Abstract

Usually in Hirschsprung's disease (HD), long-term sequelae in children are related to abnormalities in defecation. However, some of these patients also develop lower urinary tract problems. The aim of this study is to assess and define the effects of transanal endorectal pull through procedure in patients with HD on lower urinary tract function by means of urodynamic studies (UDS) performed before and after surgery. The study was conducted at Ibn Rochd University Hospitals from 2007 to 2016. Twenty-eight patients with HD were subjected to urodynamic studies before and after the different definitive surgical procedures. They were all males with a mean age of 3 years.
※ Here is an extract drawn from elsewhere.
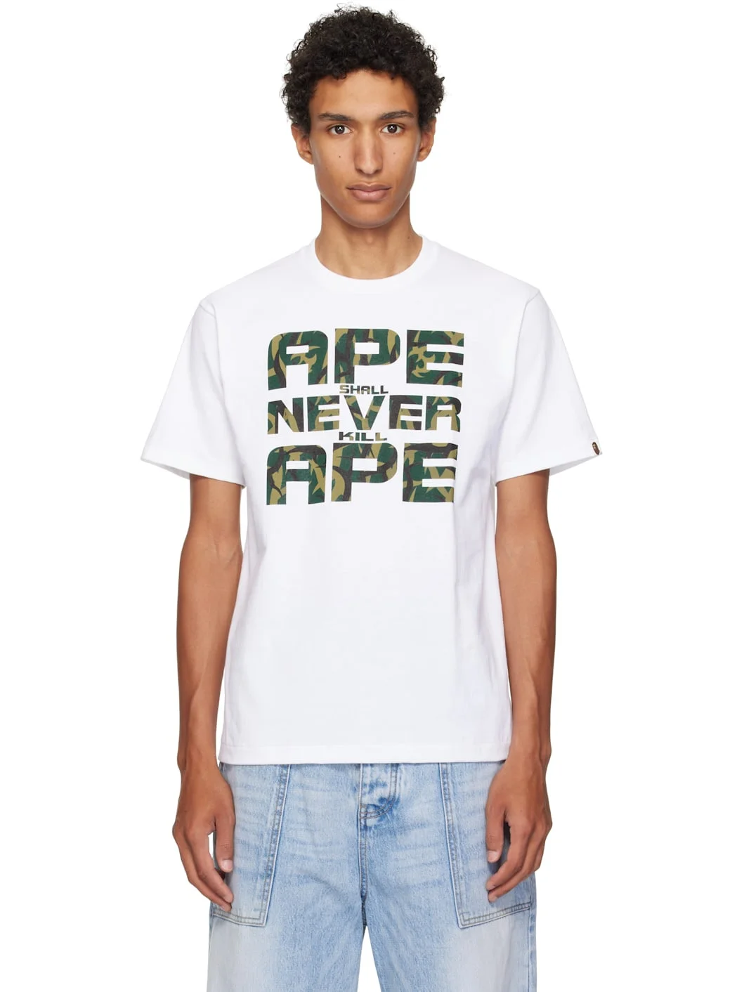 Cotton jersey T-shirt. · Rib-knit crewneck · Text printed at front · Logo flag at cuff Supplier color: White/Green 100% cotton. Made in Japan 251546M213225
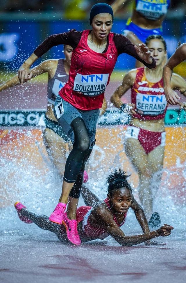 还有一些满意的图片,来源于我之前的拍摄经验,比如女子 3000 米障碍,运动员要跨栏、过水坑,在陆地比赛中有水的元素,看起来比较特别,所以我一般都会守在运动员过水坑的位置,看能否拍到一些内容,恰巧拍到了一名选手摔倒的瞬间。

The main outcome measurements were maximum cystometric capacity, compliance, unstable detrusor contraction and residual urinary volume. Urodynamic findings were normal in 23 (82%) children, and abnormal in 5 (18%) children. In uroflowmetric study, dysuria with detrusor sphincter dyssynergia and significant post-void urine residual (more than 20 mL) were found in the 3 symptomatic children. In cystometric study, five children had unstable detrusor contraction, low bladder compliance and small-capacity bladder. In HD, neurovesical dysfunction may exist preoperatively and though the incidence of postoperative changes in neurovesical function may appear high. Children who present with urinary problems after surgery should be assessed urodynamically.